Canard plongeur de taille moyenne, on peut l’observer à la belle saison sur les lacs et les mares des toundras islandaises où elle se reproduit. Le reste de l’année, elle quitte l’intérieur des terres pour migrer des eaux peu profondes de la mer Baltique aux côtes nord-africaines. Grégaire, on peut alors l’observer à quelques centaines de mètres du rivage, pêcher de concert mollusques et crustacés avec ses congénères.

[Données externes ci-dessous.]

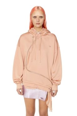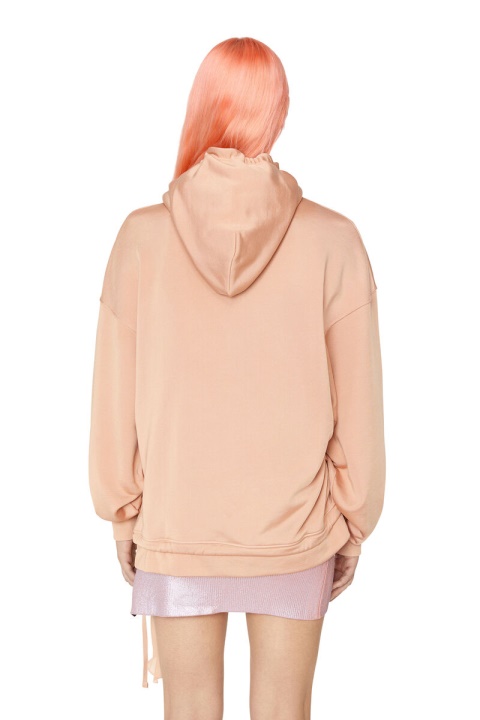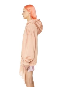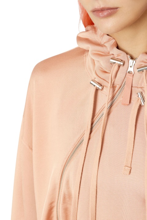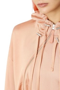 מעיל סוודר עם קפוצ’ון רגוע זה כולל צללית נוזלית, משופרת על ידי סגירת רוכסן א-סימטרית. הוא עשוי מגיזת כותנה צבועה בפיגמנט עם תוספת שיפון ויסקוזה נוזלית בשוליים, ומפורטת עם רקמת D אליפסה על החזה.

Avec son plumage uniformément noir à l’exception d’un peu de jaune sur le bec, le mâle porte bien son nom et ne peut être confondu, du moins de près. De loin, on notera la queue plutôt longue et pointue qu’il dresse souvent au repos ainsi que le bec court arborant toujours un tubercule basal caractéristique. La femelle en revanche ne possède pas ce tubercule et présente un plumage beaucoup plus terne, tirant sur le brun sale. Sa tête contrastée avec ses joues claires et sa calotte brun foncé rend cependant aisée son identification.

La belle saison venue, mâles et femelles s’éparpillent par couple et migrent isolément vers les sites de reproduction. Le nid, creusé à même le sol et recouvert de brindilles, duvet, mousse ou lichen, est camouflé dans la végétation. La femelle y déposera 6 à 8 œufs qu’elle incubera seule pendant un mois environ. Les poussins sont nidifuges et gagneront, au bout de quelques heures seulement, le plan d’eau tout proche pour se nourrir seuls ! Au bout d’un mois et demi passés sur l’eau, ils seront en mesure de voler et entameront alors avec leur mère leur première migration.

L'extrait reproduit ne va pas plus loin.